Read this book for the vivid imagery and sharp dialogue. Read it for the spot-on characterizations. But if you want to care...

A well-written tale of family dysfunction that’s sure to depress the reader from beginning to end.

Narrator Mark Barr doesn’t much like his family and hasn’t been back to Alma, West Virginia, for more than a decade. Then his oldest brother, Steve, dies of a heart attack at age 45. Mark returns to find his father as hateful as ever, his mother as weak and unpleasant, and his other brother, Greg, as disagreeable. The family plans no funeral, no memorial for Steve, who is said to have been mentally ill. So what to do about Steve’s remains: urn or grave? That is the plot.

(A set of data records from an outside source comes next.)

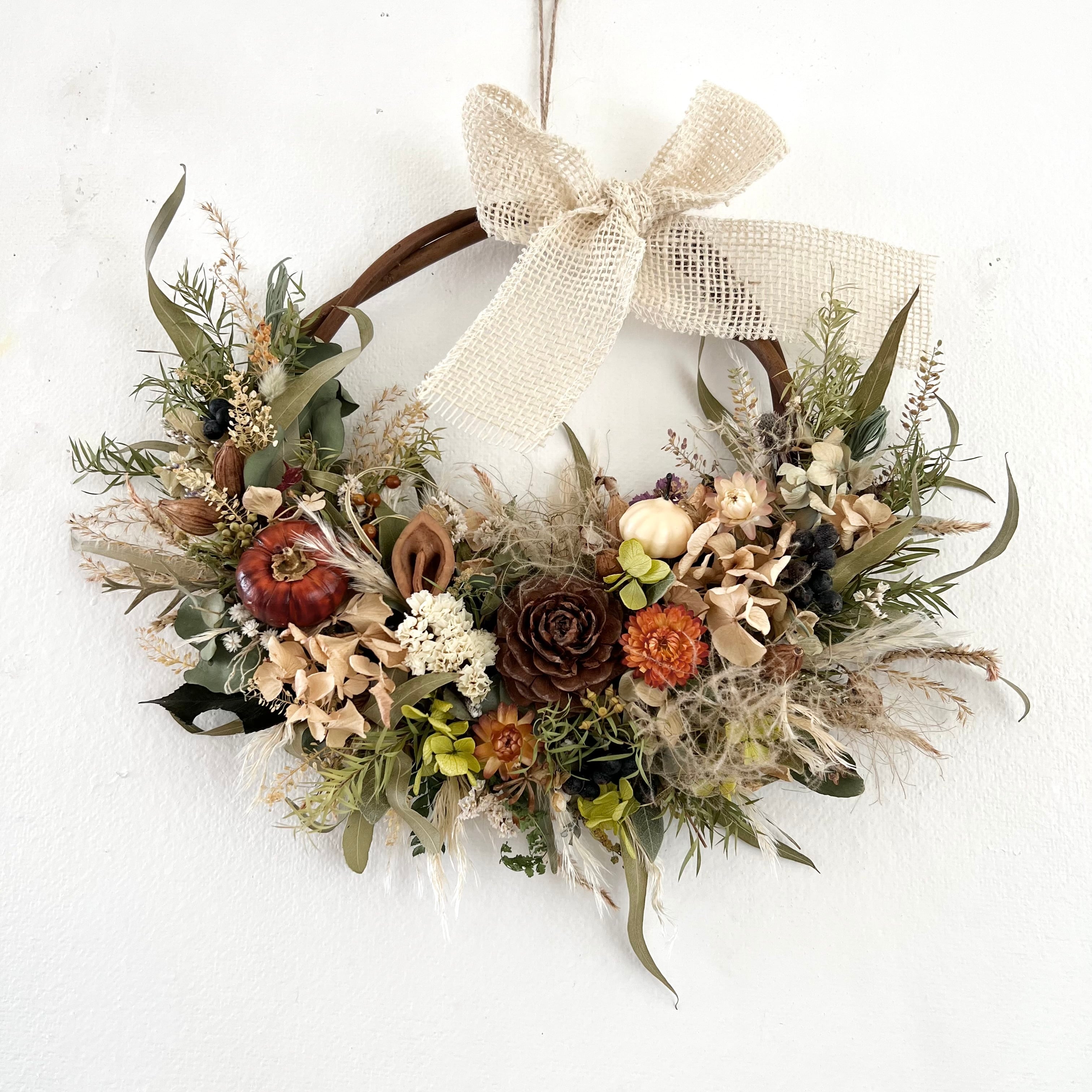 秋のリース ユーカリと木の実 ハロウィン ドライフラワー 誕生日プレゼント 引っ越し祝い 記念日. ギフト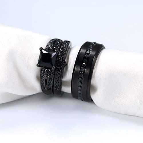 • WOMEN'S RING: Heart design.Black Ring Black CZ wedding Ring 2pcs engagement ring sets.Every zircon is inlaid and won't fall off.Womens Sizes AVAILABLE: 6 7 8 9
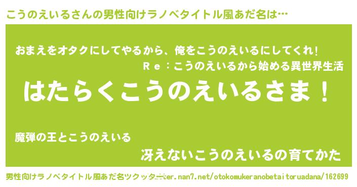 | ヘコむあだ名 | 『こうのえいる(笑)』『豆乳』 |

Steve had begged Mark, “Don’t forget me, bro,” and simply wanted to be buried next to Grandpa Roy. But Dad, who has contempt for his entire family, insists on cremation and on placing the ashes in an unmarked urn to remain inside the house. The issue becomes a battle of wills between Mark and Dad, with Mom and Greg largely on the sidelines. Vivid descriptions help set the mood and redeem the story: “Baloney-pink rugs spread across bulges in the tile.” “Steve—bloated, grungy, and depressed in life—would look his best dead, too.” Mark’s life away from “home” has been no prize, either. He and his girlfriend are not in love but seem too lazy to break up, even though he has struck her at least once. The fundamental problem with the book is that there is no one to sympathize with, barring Steve, who’s dead. Mark and his old man both need swift kicks in the butt, but Mom won’t do it. Greg has a lawnmower and a huge truck tire in his kitchen, though, so there’s that going for him.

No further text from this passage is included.